=== Section Start ===

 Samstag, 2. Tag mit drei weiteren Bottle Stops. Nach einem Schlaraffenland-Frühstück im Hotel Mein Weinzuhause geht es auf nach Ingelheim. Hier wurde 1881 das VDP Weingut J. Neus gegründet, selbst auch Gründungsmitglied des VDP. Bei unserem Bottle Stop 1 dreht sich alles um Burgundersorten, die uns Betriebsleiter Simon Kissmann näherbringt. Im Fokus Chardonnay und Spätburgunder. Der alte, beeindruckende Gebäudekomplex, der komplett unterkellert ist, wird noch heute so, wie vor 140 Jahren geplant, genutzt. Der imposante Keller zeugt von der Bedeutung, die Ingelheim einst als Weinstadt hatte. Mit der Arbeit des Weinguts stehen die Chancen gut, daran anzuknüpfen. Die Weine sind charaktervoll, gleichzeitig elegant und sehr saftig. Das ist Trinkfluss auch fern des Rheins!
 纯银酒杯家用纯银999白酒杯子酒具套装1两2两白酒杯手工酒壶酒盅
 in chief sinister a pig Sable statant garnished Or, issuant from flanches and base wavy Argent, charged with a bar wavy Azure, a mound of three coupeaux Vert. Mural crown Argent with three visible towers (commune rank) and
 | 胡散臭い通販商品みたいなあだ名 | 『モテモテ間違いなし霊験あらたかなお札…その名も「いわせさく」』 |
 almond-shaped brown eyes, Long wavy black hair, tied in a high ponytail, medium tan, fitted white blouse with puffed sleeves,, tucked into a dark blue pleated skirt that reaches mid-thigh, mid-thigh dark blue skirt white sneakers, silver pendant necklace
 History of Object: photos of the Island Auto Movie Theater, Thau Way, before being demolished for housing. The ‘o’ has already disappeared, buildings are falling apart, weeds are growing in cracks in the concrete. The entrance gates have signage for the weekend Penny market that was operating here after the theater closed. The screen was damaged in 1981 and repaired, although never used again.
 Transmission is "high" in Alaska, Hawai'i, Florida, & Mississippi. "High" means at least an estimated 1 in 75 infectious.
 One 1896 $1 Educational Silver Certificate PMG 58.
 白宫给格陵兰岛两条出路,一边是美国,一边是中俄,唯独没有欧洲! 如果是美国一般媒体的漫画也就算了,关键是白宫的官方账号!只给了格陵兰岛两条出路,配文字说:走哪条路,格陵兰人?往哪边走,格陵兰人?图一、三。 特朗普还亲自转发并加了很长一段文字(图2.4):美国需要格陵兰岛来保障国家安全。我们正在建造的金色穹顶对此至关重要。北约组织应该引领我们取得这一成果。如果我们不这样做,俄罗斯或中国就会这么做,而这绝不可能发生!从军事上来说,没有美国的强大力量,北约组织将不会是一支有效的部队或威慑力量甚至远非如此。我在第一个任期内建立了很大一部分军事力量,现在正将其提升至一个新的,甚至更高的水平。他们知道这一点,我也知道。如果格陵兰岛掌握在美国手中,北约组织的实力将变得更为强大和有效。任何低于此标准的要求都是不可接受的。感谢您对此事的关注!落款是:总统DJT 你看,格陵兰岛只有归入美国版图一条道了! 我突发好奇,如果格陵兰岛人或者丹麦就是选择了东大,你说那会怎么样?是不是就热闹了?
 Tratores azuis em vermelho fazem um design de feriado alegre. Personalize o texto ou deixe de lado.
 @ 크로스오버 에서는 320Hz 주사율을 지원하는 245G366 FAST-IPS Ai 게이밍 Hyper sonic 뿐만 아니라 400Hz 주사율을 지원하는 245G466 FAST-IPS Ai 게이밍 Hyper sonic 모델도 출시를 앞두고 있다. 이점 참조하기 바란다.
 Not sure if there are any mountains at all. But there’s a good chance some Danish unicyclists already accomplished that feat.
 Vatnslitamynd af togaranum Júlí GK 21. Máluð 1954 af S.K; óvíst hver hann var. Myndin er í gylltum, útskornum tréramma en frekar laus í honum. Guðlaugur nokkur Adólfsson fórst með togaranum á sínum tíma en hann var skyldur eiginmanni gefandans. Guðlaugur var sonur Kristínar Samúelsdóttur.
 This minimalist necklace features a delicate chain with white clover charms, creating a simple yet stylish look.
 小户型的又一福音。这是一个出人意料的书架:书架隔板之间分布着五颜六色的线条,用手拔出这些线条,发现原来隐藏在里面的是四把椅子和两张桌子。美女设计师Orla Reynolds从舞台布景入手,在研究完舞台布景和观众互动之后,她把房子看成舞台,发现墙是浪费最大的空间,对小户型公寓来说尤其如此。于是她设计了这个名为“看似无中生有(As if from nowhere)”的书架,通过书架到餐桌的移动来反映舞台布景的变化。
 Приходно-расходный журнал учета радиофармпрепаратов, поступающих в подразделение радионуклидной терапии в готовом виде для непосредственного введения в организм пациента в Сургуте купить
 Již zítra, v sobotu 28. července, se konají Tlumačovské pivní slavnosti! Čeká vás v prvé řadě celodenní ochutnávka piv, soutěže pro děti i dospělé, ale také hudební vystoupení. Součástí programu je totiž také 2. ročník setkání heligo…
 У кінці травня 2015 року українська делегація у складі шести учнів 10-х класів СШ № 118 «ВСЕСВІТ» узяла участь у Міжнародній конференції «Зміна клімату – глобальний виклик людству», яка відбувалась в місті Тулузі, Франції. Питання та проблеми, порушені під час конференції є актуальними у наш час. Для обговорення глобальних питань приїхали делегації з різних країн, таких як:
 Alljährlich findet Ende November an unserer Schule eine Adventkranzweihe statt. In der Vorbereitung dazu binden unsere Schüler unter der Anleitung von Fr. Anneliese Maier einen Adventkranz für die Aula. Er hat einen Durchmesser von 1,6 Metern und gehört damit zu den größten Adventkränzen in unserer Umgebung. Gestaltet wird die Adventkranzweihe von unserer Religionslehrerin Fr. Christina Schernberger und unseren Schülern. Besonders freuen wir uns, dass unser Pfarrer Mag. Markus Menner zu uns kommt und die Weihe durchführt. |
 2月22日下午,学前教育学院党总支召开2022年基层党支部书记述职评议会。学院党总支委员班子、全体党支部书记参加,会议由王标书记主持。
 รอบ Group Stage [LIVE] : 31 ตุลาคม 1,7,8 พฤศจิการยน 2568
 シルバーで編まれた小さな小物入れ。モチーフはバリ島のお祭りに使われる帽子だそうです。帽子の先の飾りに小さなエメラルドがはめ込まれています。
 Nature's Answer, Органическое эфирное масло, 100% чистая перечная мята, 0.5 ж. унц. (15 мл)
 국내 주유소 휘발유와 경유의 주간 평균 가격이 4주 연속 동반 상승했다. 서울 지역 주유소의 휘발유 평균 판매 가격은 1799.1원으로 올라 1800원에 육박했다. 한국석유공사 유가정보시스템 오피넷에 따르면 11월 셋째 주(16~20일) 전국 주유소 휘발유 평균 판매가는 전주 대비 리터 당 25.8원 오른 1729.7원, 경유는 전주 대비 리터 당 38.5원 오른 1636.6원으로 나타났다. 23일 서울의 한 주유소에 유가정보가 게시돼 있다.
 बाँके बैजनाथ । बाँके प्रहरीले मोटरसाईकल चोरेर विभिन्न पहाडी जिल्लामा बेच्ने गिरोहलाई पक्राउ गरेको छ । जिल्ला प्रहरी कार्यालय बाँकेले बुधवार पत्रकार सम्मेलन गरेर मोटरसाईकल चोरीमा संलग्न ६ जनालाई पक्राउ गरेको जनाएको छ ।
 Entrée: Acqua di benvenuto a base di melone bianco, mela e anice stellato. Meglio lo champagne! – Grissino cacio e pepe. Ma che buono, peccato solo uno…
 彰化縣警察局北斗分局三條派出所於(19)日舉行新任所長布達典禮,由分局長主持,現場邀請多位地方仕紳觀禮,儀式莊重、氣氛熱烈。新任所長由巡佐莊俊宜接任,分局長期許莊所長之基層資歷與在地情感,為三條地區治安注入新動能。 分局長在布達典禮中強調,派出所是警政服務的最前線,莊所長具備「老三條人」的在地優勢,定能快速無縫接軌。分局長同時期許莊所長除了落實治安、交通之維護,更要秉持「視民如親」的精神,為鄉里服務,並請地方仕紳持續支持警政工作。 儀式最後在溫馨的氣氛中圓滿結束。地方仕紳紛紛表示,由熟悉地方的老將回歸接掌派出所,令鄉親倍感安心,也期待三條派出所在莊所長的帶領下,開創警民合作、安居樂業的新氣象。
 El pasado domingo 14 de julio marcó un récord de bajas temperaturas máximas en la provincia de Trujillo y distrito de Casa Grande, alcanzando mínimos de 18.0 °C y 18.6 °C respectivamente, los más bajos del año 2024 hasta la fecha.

=== Section End ===

◆ WHAT TO PRODUCE
Each line of the data that holds the word "base" should be copied.

◆ SOLUTION TO THIS EXERCISE
 in chief sinister a pig Sable statant garnished Or, issuant from flanches and base wavy Argent, charged with a bar wavy Azure, a mound of three coupeaux Vert. Mural crown Argent with three visible towers (commune rank) and
 Entrée: Acqua di benvenuto a base di melone bianco, mela e anice stellato. Meglio lo champagne! – Grissino cacio e pepe. Ma che buono, peccato solo uno…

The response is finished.